Thoughts on aging (that I can’t ignore)

But first, a PSA to parents: If your student is reporting troubling issues in a class, direct them to speak to the teacher about the issues themselves. Then, if they decide the issues are not being resolved after bringing them to the attention of the teacher, email or call the teacher yourself. Finally, if the issues persists, email or call the administration. DO NOT SKIP STEPS 1 AND 2! Emailing admin about how a teacher is not managing a problem for your child that they may not even know exists will probably hinder resolution of said problem, not aid it.

As you may have guessed, I had to deal with some bullshit at work this Monday that just sucked.
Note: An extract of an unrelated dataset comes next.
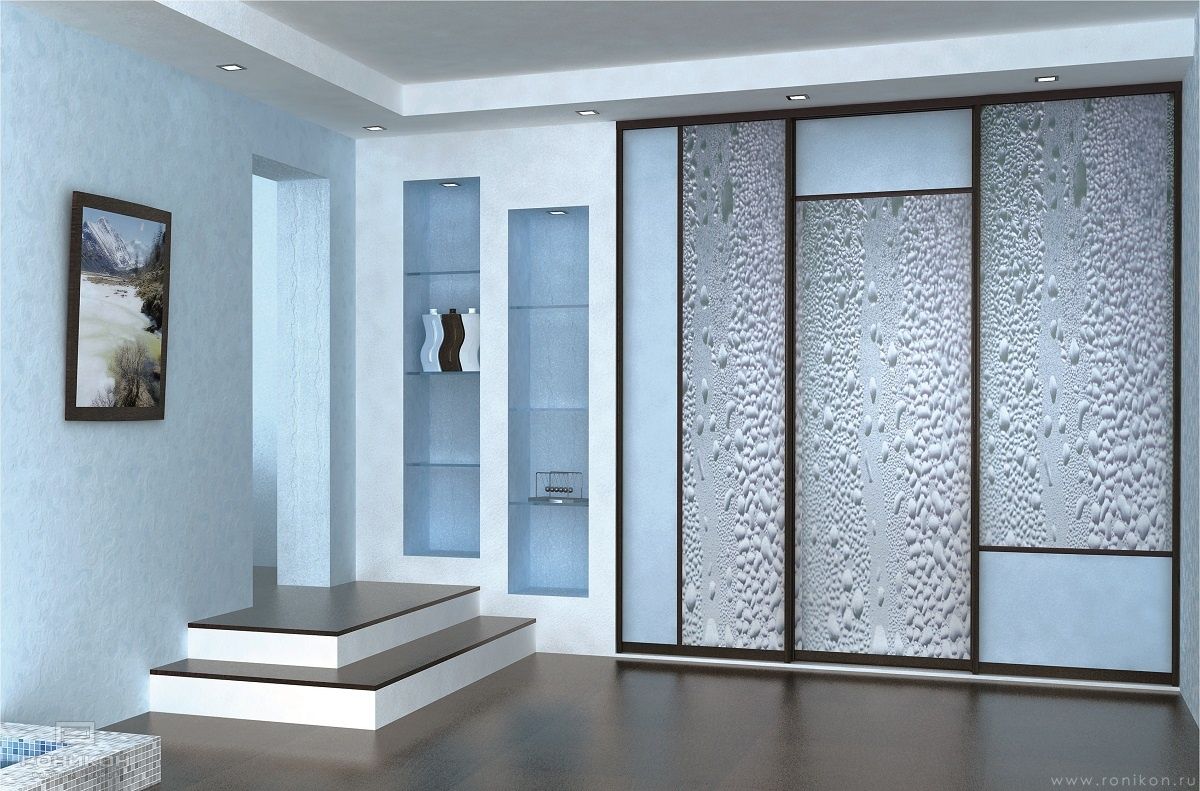 Встроенный шкаф-купе трехстворчатый в профиле бронза стекло в пленке с фотопечатью по проекту на заказ подходит для помещения площадью 20 квадратных метров. В дизайне мебели преобладает Egger Орех Пацифик, использованы безопасные плитные материалы класса Е1 ЛДСП 16мм в кромке 2мм по видимой части, применена фурнитура Hettich, нижнеопорная система купе.

It really devastated me mentally and emotionally at the start of the week and I’m still recovering. Also, parents can really, really suck. Not being a parent who sucks in this way is one of my most salient goals.

Yesterday my daughter turned 12. This was also an emotionally fraught moment for me, which I handled less well because of Monday’s continued fall out. I love my daughter and am so proud of the young woman she is becoming. But the fact that I can use the phrase “young woman she is becoming” about my first born is really messing with me.

On a related note I saw some photos of myself that reminded me I do NOT look like I did in my early 30s anymore. I think something inside me really believes I do, and it filters input on how I look (reflections or photos) to match that belief. But sometimes the filter takes a moment to update and I really see what I look like now and it’s startling. I’m starting to believe that I do not look like what I think I look like most of the time.

{This is filter is even more pronounced for my parents – sometimes I really see them and recognize just how much older they are than what I perceive and it’s very troubling.}

On another related note, my eye sight has gotten so, so bad. I desperately need to get a new prescription, but I’m worried the optometrist will try to sell me on progressives and I’m not sure I can handle those. Right now I wear reading glasses clipped into my pre-pandemic glasses to read or use the computer at home and I just don’t wear anything otherwise. At work I can barely see my computer and can’t read a lot of other things. I need to try something new but I’ve had so many total busts when it comes to my eyes and eye sight (contacts were a disaster for me, the negative affects of which I’m still dealing with) that I don’t anticipate actually being able to solve the problem.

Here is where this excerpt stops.